*** Opening of Dataset extract ***

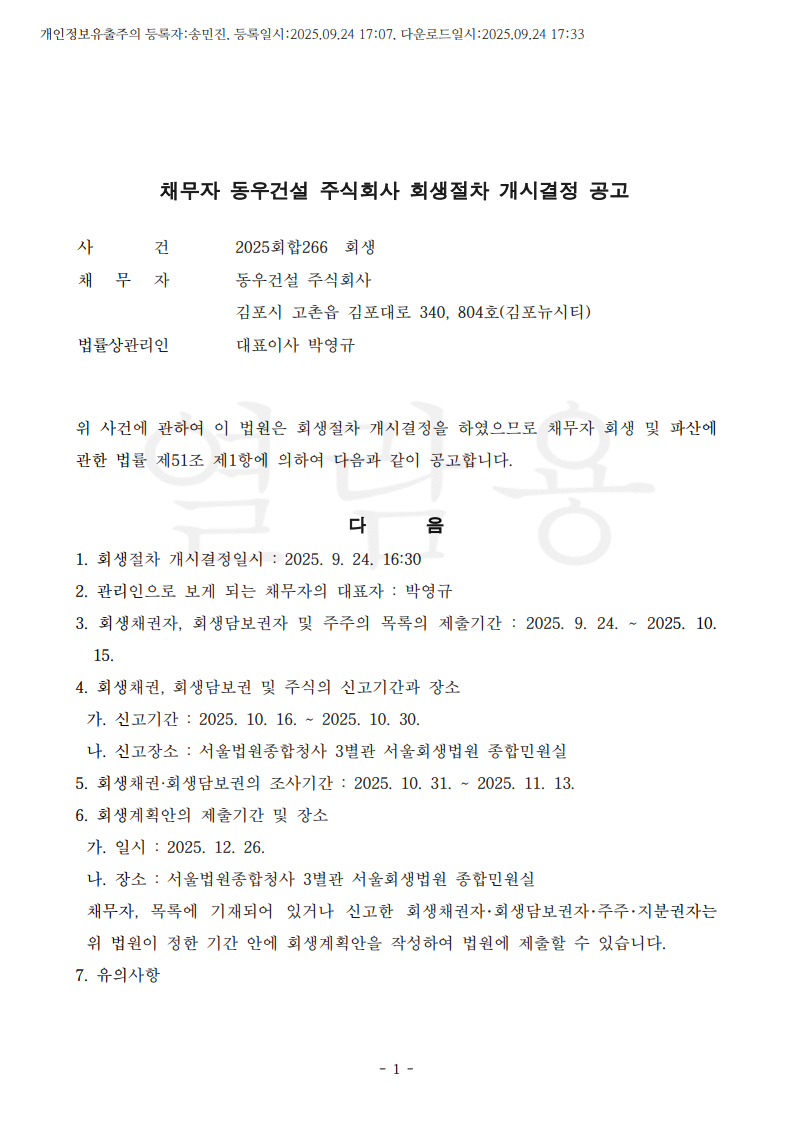 채무자 동우건설 주식회사 회생절자 개시결정 공고
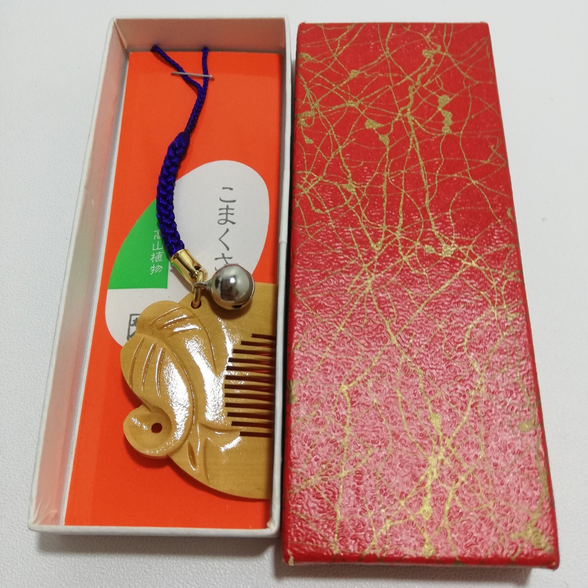 - 手彫り本つげ こまくさ 高山植物 櫛形 根付 ストラップ 箱付き 未使用品 [本柘植 柘植細工 彫刻 木工芸品 日本美術]
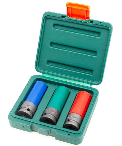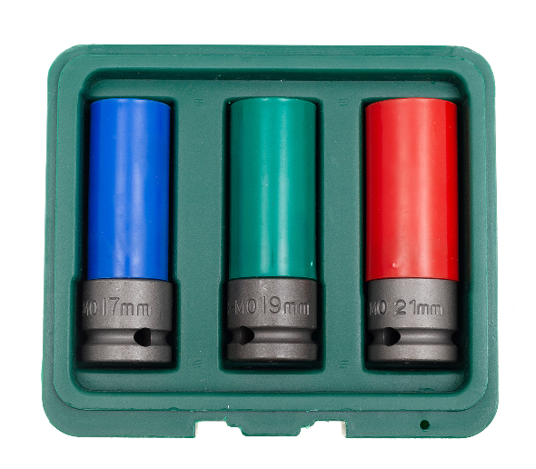 3 PCS 1/2" DRIVE WHEEL NUT DEEP IMPACT SOCKET METRIC SIZE: 17,19,21 MM
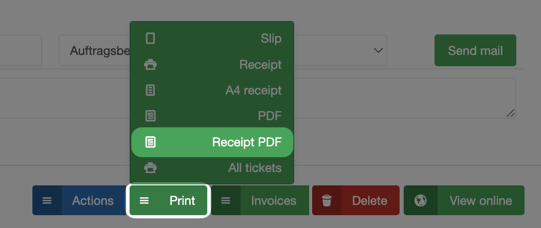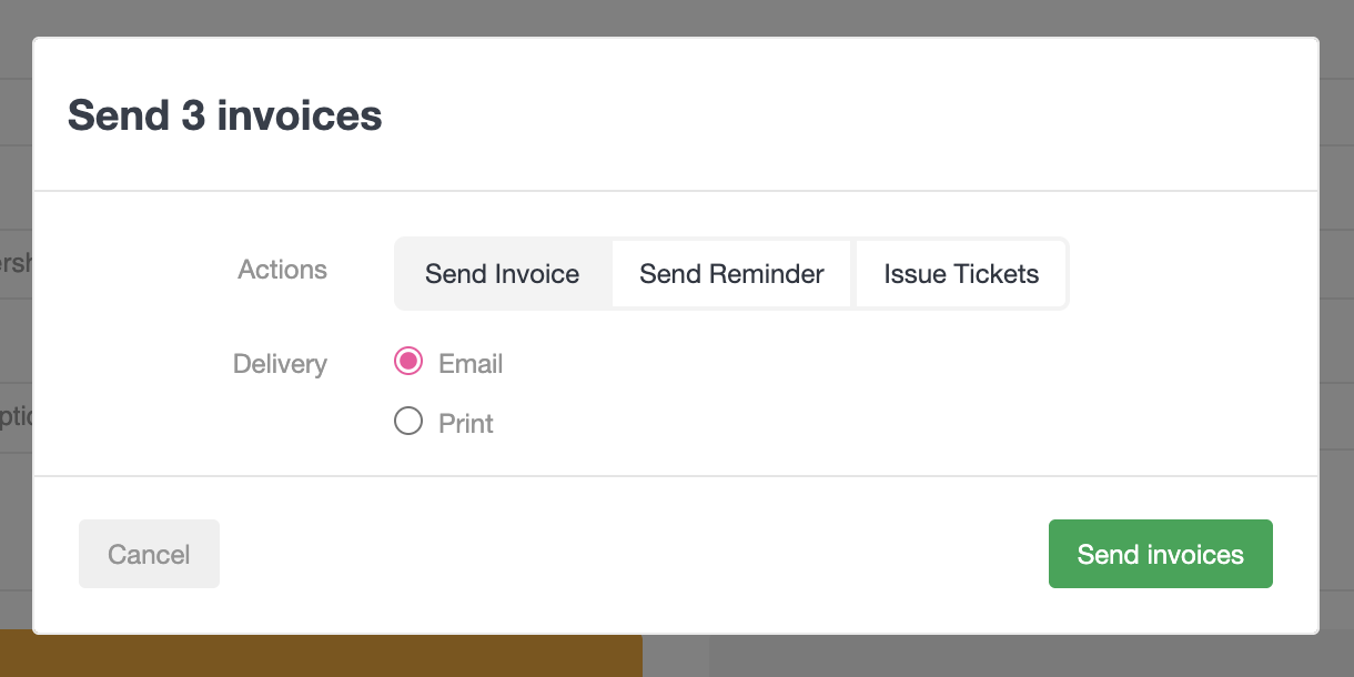 Sale on Account invoices can be managed individually through the Actions button, or in bulk by selecting the checkbox in front of each order and using the Bulk Edit button. Invoices can be sent, reminders can be sent, or tickets can be issued, either by email or as printed copies.
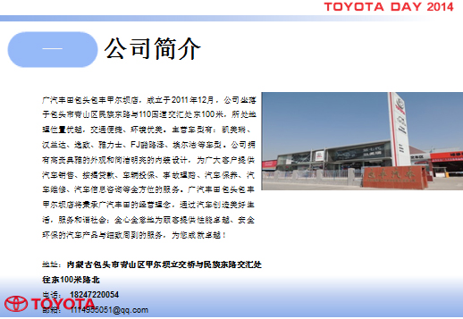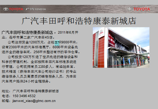 呼和浩特康泰豐田汽車銷售服務(wù)有限公司 |
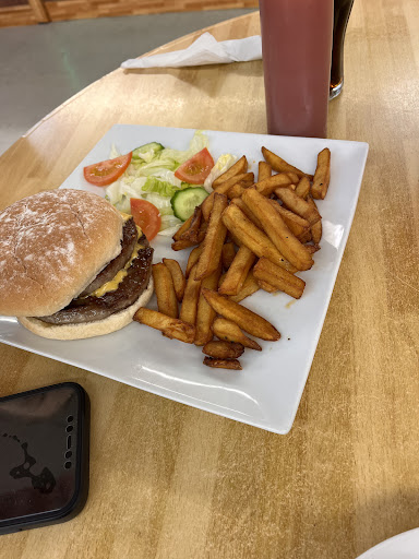 The interior was confusing , as it was many stores and random thing . Great concept , bad execution . The food was awful . The burger was slimy / soft and the texture was terrible . I know that the quality of the meat was poor by taste and lack of chew . The chips were also chewy , not crunchy and also way over cooked . Hot dog was a hot dog .. canât moan really but supposed to be âjumboâ and it was very small . We left unsatisfied and ate elsewhere .
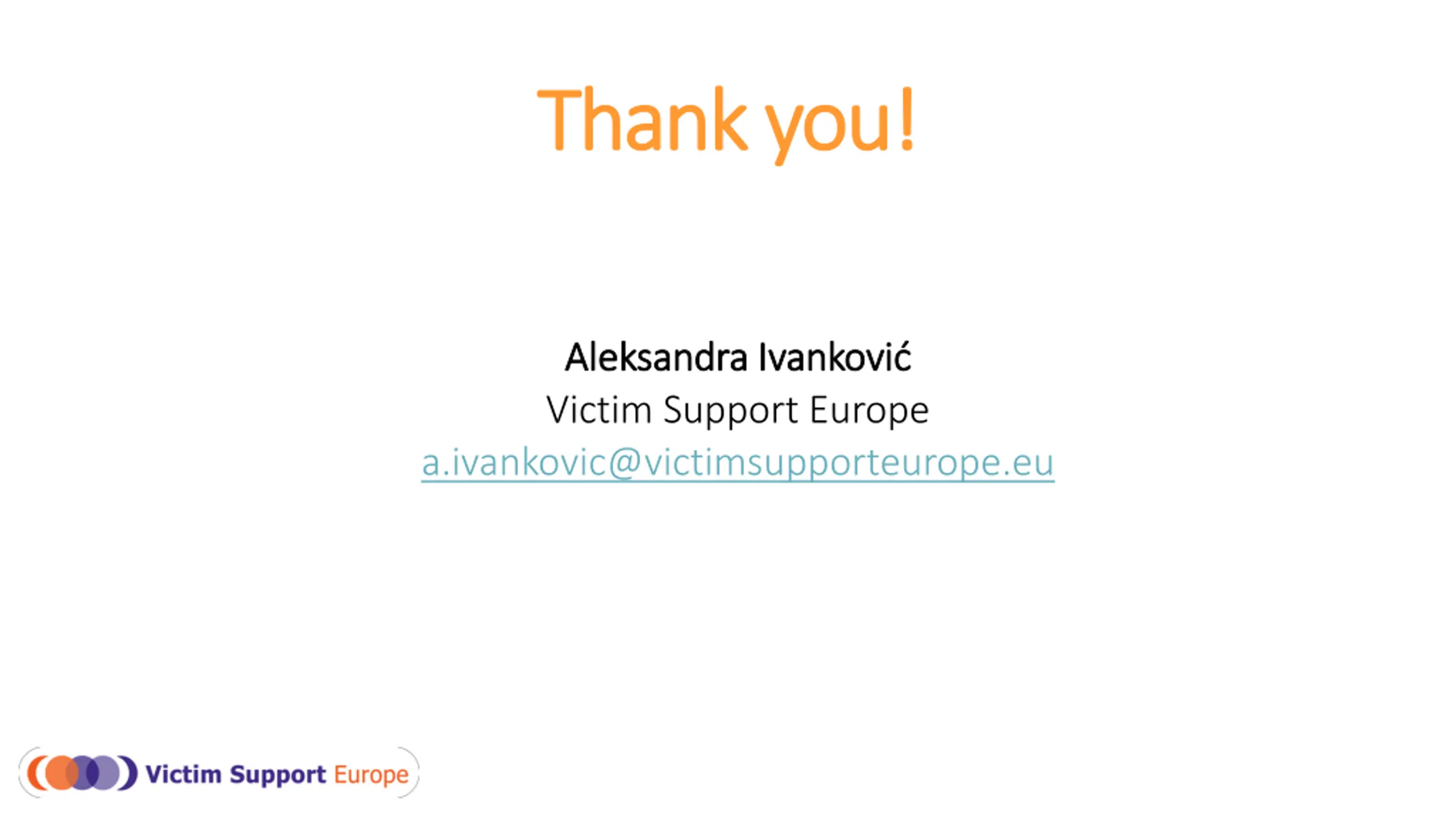 Thank you! Thank you! Aleksandra Ivankovi Aleksandra Ivankovi Victim Support Europe a.ivankovic@victimsupporteurope.eu
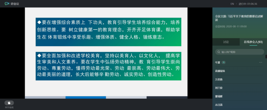 8月12日,“国培计划(2019)”——内蒙古自治区教师培训团队研修项目(师德、党务培训者)第五次线上课程在中国教师研修网学习平台上播出。伟德官方网站党委副书记、硕士生导师高云峰受邀为参训学员讲授了《习近平关于教育的重要论述解读》专题。
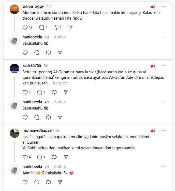 "Al-Quran ini macam surat cinta. Kalau hari-hari kita baca makin kita sayang. Kalau kita tinggal walaupun sehari kita rindu," antara komen netizen.
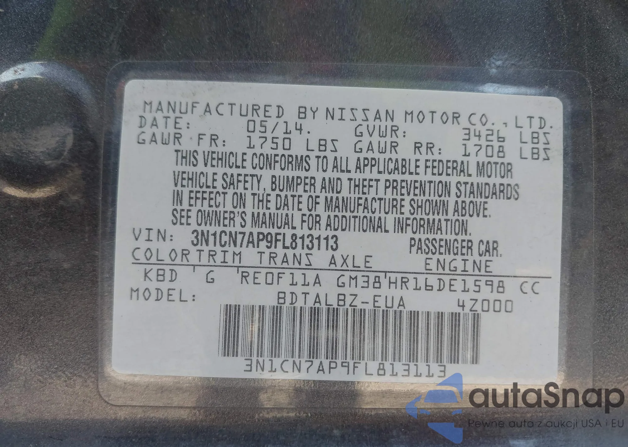 • VIN: 3N1CN7AP9FL813113
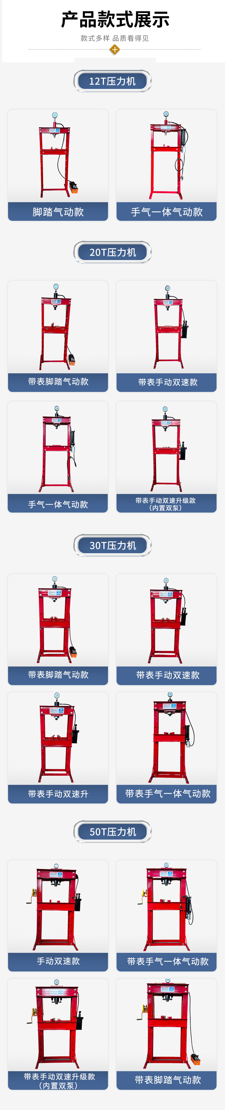 气动带表压力机20/30/50/75/100T美式欧式液压机可嵌入式防震油表
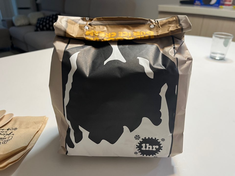 종이 가방에 내부는 아주 얇은 은박지 같은 포장이 되어있다. 안에 물로 된 아이스팩이 하나 있었다. 1시간 정도 보냉이 되는 것 같았다. 여기 반야월점은 리뷰이벤트로 모캄보 아이스크림을 제공하고 있었다.
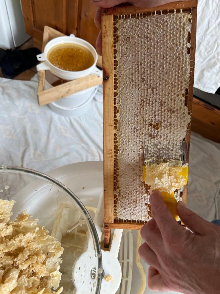 We start by uncapping the honey. This is essentially a many pronged fork. The cappings are saved for later.
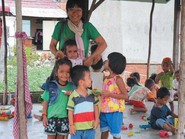 Last November I visited the poor Steung Meanchey district of Phnom Penh, Cambodia, where Japanese missionary, Asano Miyuki, has helped establish projects which have greatly benefited residents. One is called Home for Children, a school for early primary age children. The classrooms are covered cement slabs in a rented field! About 80 children enjoy the free lessons and a nutritious lunch. The school, and also a crèche, enable parents to find work − often seeking saleable items at the city dump.
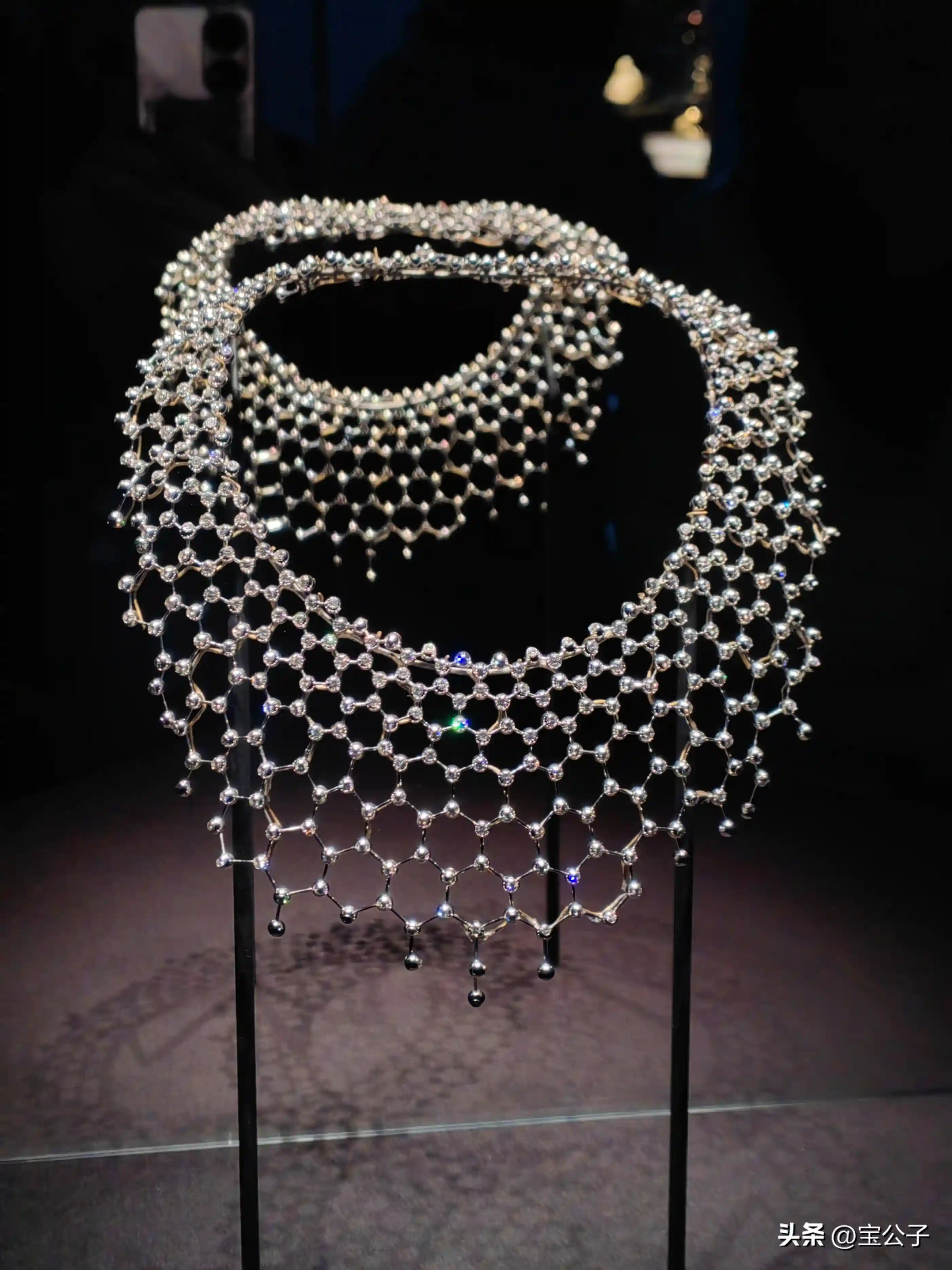 正是这样巧妙的结构设计使之成为一件会“呼吸”的作品,能完美贴合佩戴者的脖,并随之起伏。上百颗不完全对称排列的圆粒珠子,恰如夜空中的点点繁星,形成一种独有的韵律,以诗意的形式唤起人们对字宙星云的无限遐想。

*** Close of Dataset extract ***

_How to complete this task:_
Please reproduce every record exactly, leaving the pictures out.

_Task output:_
 채무자 동우건설 주식회사 회생절자 개시결정 공고
 - 手彫り本つげ こまくさ 高山植物 櫛形 根付 ストラップ 箱付き 未使用品 [本柘植 柘植細工 彫刻 木工芸品 日本美術]
 3 PCS 1/2" DRIVE WHEEL NUT DEEP IMPACT SOCKET METRIC SIZE: 17,19,21 MM
 Sale on Account invoices can be managed individually through the Actions button, or in bulk by selecting the checkbox in front of each order and using the Bulk Edit button. Invoices can be sent, reminders can be sent, or tickets can be issued, either by email or as printed copies.
 呼和浩特康泰豐田汽車銷售服務(wù)有限公司 |
 The interior was confusing , as it was many stores and random thing . Great concept , bad execution . The food was awful . The burger was slimy / soft and the texture was terrible . I know that the quality of the meat was poor by taste and lack of chew . The chips were also chewy , not crunchy and also way over cooked . Hot dog was a hot dog .. canât moan really but supposed to be âjumboâ and it was very small . We left unsatisfied and ate elsewhere .
 Thank you! Thank you! Aleksandra Ivankovi Aleksandra Ivankovi Victim Support Europe a.ivankovic@victimsupporteurope.eu
 8月12日,“国培计划(2019)”——内蒙古自治区教师培训团队研修项目(师德、党务培训者)第五次线上课程在中国教师研修网学习平台上播出。伟德官方网站党委副书记、硕士生导师高云峰受邀为参训学员讲授了《习近平关于教育的重要论述解读》专题。
 "Al-Quran ini macam surat cinta. Kalau hari-hari kita baca makin kita sayang. Kalau kita tinggal walaupun sehari kita rindu," antara komen netizen.
 • VIN: 3N1CN7AP9FL813113
 气动带表压力机20/30/50/75/100T美式欧式液压机可嵌入式防震油表
 종이 가방에 내부는 아주 얇은 은박지 같은 포장이 되어있다. 안에 물로 된 아이스팩이 하나 있었다. 1시간 정도 보냉이 되는 것 같았다. 여기 반야월점은 리뷰이벤트로 모캄보 아이스크림을 제공하고 있었다.
 We start by uncapping the honey. This is essentially a many pronged fork. The cappings are saved for later.
 Last November I visited the poor Steung Meanchey district of Phnom Penh, Cambodia, where Japanese missionary, Asano Miyuki, has helped establish projects which have greatly benefited residents. One is called Home for Children, a school for early primary age children. The classrooms are covered cement slabs in a rented field! About 80 children enjoy the free lessons and a nutritious lunch. The school, and also a crèche, enable parents to find work − often seeking saleable items at the city dump.
 正是这样巧妙的结构设计使之成为一件会“呼吸”的作品,能完美贴合佩戴者的脖,并随之起伏。上百颗不完全对称排列的圆粒珠子,恰如夜空中的点点繁星,形成一种独有的韵律,以诗意的形式唤起人们对字宙星云的无限遐想。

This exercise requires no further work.